Listen Live
WOL Featured Video
CLOSE

The gun control debate over school safety was expected to reach a fever pitch this week, especially with Friday’s double murder in a dormitory shooting at Central Michigan University. But there is one aspect that will likely be overlooked: the safety of HBCU campuses. Of the at least 12 school shootings so far this year, there have been three at historically Black colleges, according to statistics compiled by CNN.

READ MORE: Brother Of Michigan University Student Who Killed Their Parents Speaks Out: ‘This Is Not Who He Is’

The campuses of Norfolk Stare University, Mississippi Valley State University and Savannah State University have all experienced shootings, though none of them deadly. In addition, one HBCU student was killed from gun violence on a neighboring college campus.

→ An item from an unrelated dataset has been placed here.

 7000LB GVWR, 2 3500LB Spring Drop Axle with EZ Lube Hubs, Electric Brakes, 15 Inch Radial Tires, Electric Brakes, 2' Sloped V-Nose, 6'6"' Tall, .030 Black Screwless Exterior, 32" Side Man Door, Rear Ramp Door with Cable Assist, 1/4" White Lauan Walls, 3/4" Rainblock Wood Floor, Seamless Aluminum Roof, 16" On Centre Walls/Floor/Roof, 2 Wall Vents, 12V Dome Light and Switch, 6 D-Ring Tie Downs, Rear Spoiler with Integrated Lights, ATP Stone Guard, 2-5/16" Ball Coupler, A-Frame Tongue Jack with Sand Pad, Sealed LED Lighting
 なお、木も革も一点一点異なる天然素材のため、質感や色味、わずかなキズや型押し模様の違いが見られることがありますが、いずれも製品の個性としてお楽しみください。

The HBCU campus shootings follow multiple similar episodes last year, including a double homicide at Grambling State University in October. Virginia State University also a homecoming shooting that left one man shot in the stomach, also in October. A reported active shooter on Howard University’s campus in October turned out to be a hoax.

CNN defined a school shooting as one “that involved at least one person being shot (not including the shooter)” that took place “on school grounds,” including “grades K through college/university level,” where “gang violence, fights and domestic violence” resulted in an intentional shooting or “accidental discharge of a firearm as long as the first two parameters are met.”

The president met with a handful of HBCU leaders in Washington last week, but campus gun violence was apparently not a focal point of the meeting, which came a year to the day after Trump signed an executive order making Black colleges “an absolute priority for the White House.”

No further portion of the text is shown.